Use the crate when the application making LLM requests is already written in Rust. The translation engine runs in-process; there is no proxy to start.

Availability: Rust: direct engine API · CLI/HTTP/clients: not used in this path

1. Add the dependencies

cargo add llmshim tokio serde_json

tokio and serde_json are direct dependencies of your application. llmshim does not re-export them.

Set at least one provider key before running the program:

export ANTHROPIC_API_KEY=sk-ant-...

2. Send a completion

use serde_json::json;

#[tokio::main]
async fn main() -> Result<(), Box<dyn std::error::Error>> {
    let router = llmshim::router::Router::from_env();

    // The public request contract is a serde_json::Value.
    let request = json!({
        "model": "openai/gpt-5.6-sol",
        "messages": [
            {"role": "user", "content": "What is Rust in one sentence?"}
        ],
        "max_tokens": 128
    });

    let response = llmshim::completion(&router, &request).await?;
    let text = response["choices"][0]["message"]["content"]
        .as_str()
        .unwrap_or("");

    println!("{text}");
    Ok(())
}

Run it with cargo run.

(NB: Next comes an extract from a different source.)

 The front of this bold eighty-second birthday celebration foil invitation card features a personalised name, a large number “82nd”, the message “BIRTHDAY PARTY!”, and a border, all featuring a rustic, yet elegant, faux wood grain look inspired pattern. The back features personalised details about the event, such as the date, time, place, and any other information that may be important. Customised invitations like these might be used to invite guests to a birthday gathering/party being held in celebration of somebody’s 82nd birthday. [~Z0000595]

Router::from_env() registers the providers whose environment variables are present. Change only the model address to route the same conversation elsewhere.

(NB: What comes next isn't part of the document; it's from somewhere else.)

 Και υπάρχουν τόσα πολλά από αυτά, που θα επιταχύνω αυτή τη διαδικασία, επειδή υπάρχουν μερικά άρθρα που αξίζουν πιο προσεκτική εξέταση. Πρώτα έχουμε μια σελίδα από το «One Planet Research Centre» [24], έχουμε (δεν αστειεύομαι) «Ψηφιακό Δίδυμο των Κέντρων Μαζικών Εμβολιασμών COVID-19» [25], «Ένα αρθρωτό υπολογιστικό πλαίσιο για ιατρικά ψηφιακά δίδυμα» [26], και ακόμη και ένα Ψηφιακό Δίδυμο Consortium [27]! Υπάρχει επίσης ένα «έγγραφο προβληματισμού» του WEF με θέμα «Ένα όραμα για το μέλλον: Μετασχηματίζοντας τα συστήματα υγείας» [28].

The result uses an OpenAI Chat Completions-style shape, regardless of which provider answered. The assistant text is at response["choices"][0]["message"]["content"].

3. Stream content

Streaming uses the StreamExt trait, so add futures as a direct dependency:

cargo add futures

This complete example prints text deltas as they arrive:

use futures::StreamExt;
use serde_json::json;
use std::io::{self, Write};

#[tokio::main]
async fn main() -> Result<(), Box<dyn std::error::Error>> {
    let router = llmshim::router::Router::from_env();
    let request = json!({
        "model": "anthropic/claude-sonnet-5",
        "messages": [
            {"role": "user", "content": "Write a haiku about Rust."}
        ],
        "max_tokens": 128
    });

    let mut stream = llmshim::stream(&router, &request).await?;

    while let Some(chunk) = stream.next().await {
        let chunk = chunk?;
        let parsed: serde_json::Value = serde_json::from_str(&chunk)?;

        if let Some(text) = parsed
            .pointer("/choices/0/delta/content")
            .and_then(|value| value.as_str())
        {
            print!("{text}");
            io::stdout().flush()?;
        }
    }

    println!();
    Ok(())
}

Each item is a JSON string in the normalized Chat Completions delta shape. A chunk can carry something other than text, such as reasoning, usage, or a tool call, so production code should inspect the fields it needs.

For config-file loading, aliases, and model inference, see Models and the Router. Runnable repository examples are available in examples/chat.rs and examples/stream.rs.